Projetos com contratos recorrentes, base de consumidores, previsibilidade de receitas e estruturas operacionais maduras podem permitir a criação de instrumentos lastreados nesses fluxos.
Nesse contexto, a tokenização poderia ser analisada como uma forma de representação digital de direitos econômicos vinculados a determinados recebíveis ou projetos. Isso não significa que qualquer fluxo futuro possa ser tokenizado de forma simples.
Será necessário avaliar inadimplência, prazo, garantias, concentração de risco, previsibilidade contratual, regime regulatório, responsabilidades das partes e forma de remuneração dos investidores.
Ainda assim, esse é um campo relevante. Especialmente porque a geração distribuída de energia depende de expansão contínua e, em muitos casos, de estruturas capazes de antecipar capital para viabilizar novos projetos.
O papel das plataformas
Outro ponto importante está no papel das plataformas digitais.
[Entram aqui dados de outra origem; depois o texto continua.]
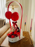 باکس هدیه نوزادی گل ربانی و عروسک قرمز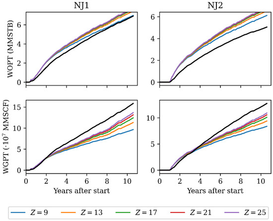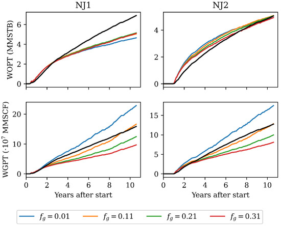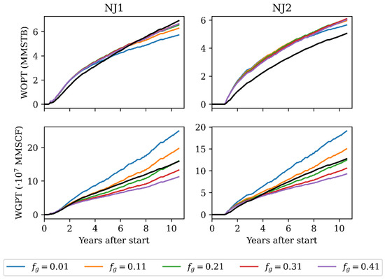 Another observation from Table 1 is that it is not always possible to get the best matches for the oil and gas produced volumes using a single choice of the oil and gas threshold ratios and (see, e.g., the results for NJ1). This suggests that one cannot match the production data by tuning the parameters of the relative permeabilities only.

Empresas que conectam consumidores, geradores, investidores e operadores podem se tornar protagonistas na criação de novos modelos de financiamento. Isso porque elas reúnem dados, relacionamento com usuários, tecnologia, capacidade de distribuição e conhecimento operacional do setor.
Em tese, esse tipo de empresa pode atuar como originadora, estruturadora, parceira tecnológica ou canal de distribuição de estruturas tokenizadas. Mas esse papel precisa ser definido com cuidado.
A depender da forma de atuação, podem surgir discussões envolvendo oferta pública, intermediação, distribuição de valores mobiliários, prestação de serviços de ativos virtuais, responsabilidades perante investidores e obrigações regulatórias específicas.
Quanto mais relevante for o papel da plataforma na captação ou distribuição da operação, maior deve ser o cuidado regulatório.
O que a tokenização não resolve
Também é importante reconhecer os limites da tokenização. Ela não resolve, por si só, problemas de viabilidade econômica do projeto. Não substitui análise de crédito. Não elimina riscos regulatórios. Não dispensa contratos bem elaborados. Não corrige uma estrutura societária frágil. Não transforma uma captação irregular em uma operação lícita.
Essa visão é essencial para que o debate amadureça. A tokenização tem potencial, mas apenas quando inserida em uma estrutura sólida.
Conclusão
A tokenização dificilmente será uma solução universal para o financiamento da geração distribuída de energia. Também não deve substituir, no curto prazo, instrumentos tradicionais que já cumprem papel relevante no financiamento do setor.
Mas parece razoável afirmar que ela pode ampliar o conjunto de alternativas disponíveis para determinados projetos, especialmente quando utilizada como parte de uma estrutura jurídica, financeira e regulatória cuidadosamente desenhada.
O debate, portanto, não deve ser conduzido a partir da pergunta “é possível tokenizar?”. Em muitos casos, a resposta técnica será sim. A pergunta realmente importante é outra.
A tokenização melhora a estrutura de financiamento, amplia o acesso a capital ou cria eficiência relevante para o projeto? Quando a resposta for positiva, o tema merece ser estudado com seriedade.
Porque, em um mercado que precisa financiar expansão, novas formas de organizar capital podem se tornar tão relevantes quanto novas formas de gerar energia.